In this chapter, we have presented a promising framework, AdaCoDT, for automatic staining pattern classification of HEp-2 cells to support the diagnosis of specific autoimmune diseases. It is verified that LBP related features can be successfully applied for classifying the staining pattern of HEp-2 cells based on the recent researches on the staining patterns analysis and classification. However, the LBP quantizes the local structures into only two quantized levels by thresholding the neighboring pixel intensity with that of the center one, thus some important information is lost. To reserve more discriminative information, we propose a CoDT feature which directly adpots the differential vectors of micro-texton and its neighborhoods. It further captures the spatial information between neighboring micro-textons, thus it can provide strong discriminative and descriptive capability.
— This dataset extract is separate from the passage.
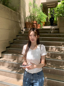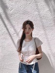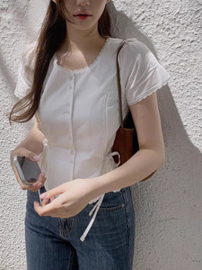 スポット 2025 夏の新スタイル韓国東大門スリムフィットウエストレースアップスリムレースラウンドネック半袖シャツ

In addition, the BoW framework, which is one of the most famous and efficient approaches for image categorization, has been applied in classification of HEp-2 staining patterns and has shown impressive performance. Unfortunately, the BoW approach suffers from its own problems which are the inevitable information loss in feature quantization process and the high computational cost to built BoW representation. To handle these problems, we make use of the FK principal for staining pattern classification. It characterizes an image by a gradient vector derived from a generative process of the training data, thus the resulting representation is adapted to the staining pattern classification task. Meanwhile, with the same size of vocabulary, the FK based method can extract much larger image representation than the BoW representation. Hence, it can provide excellent performance with simple linear classifier.
Within the proposed AdaCoDT framework, we first extract the CoDT feature from each HEp-2 cell image. Then, we approximate the distribution of CoDT feature as a GMM which can adaptively partition the CoDT feature space for the classification task. Finally, we obtain a high discriminative and powerful descriptive HEp-2 cell image representation based on the adaptive CoDT feature space using FK principle. We feed the image representation into a linear SVM classifier to predict staining patterns of the HEp-2 cells. Our proposed AdaCoDT method combines the strengths of generative and discriminative approaches, therefore it can achieve excellent classification performance. Experimental results on the ICPR2012 dataset and the ICIP2013 training dataset validate that the AdaCoDT method can provide superior performance for HEp-2 cells classification, compared with the traditional LBP and its extensions. The new feature encoding method also improves the classification performance in comparison of the BoW representation.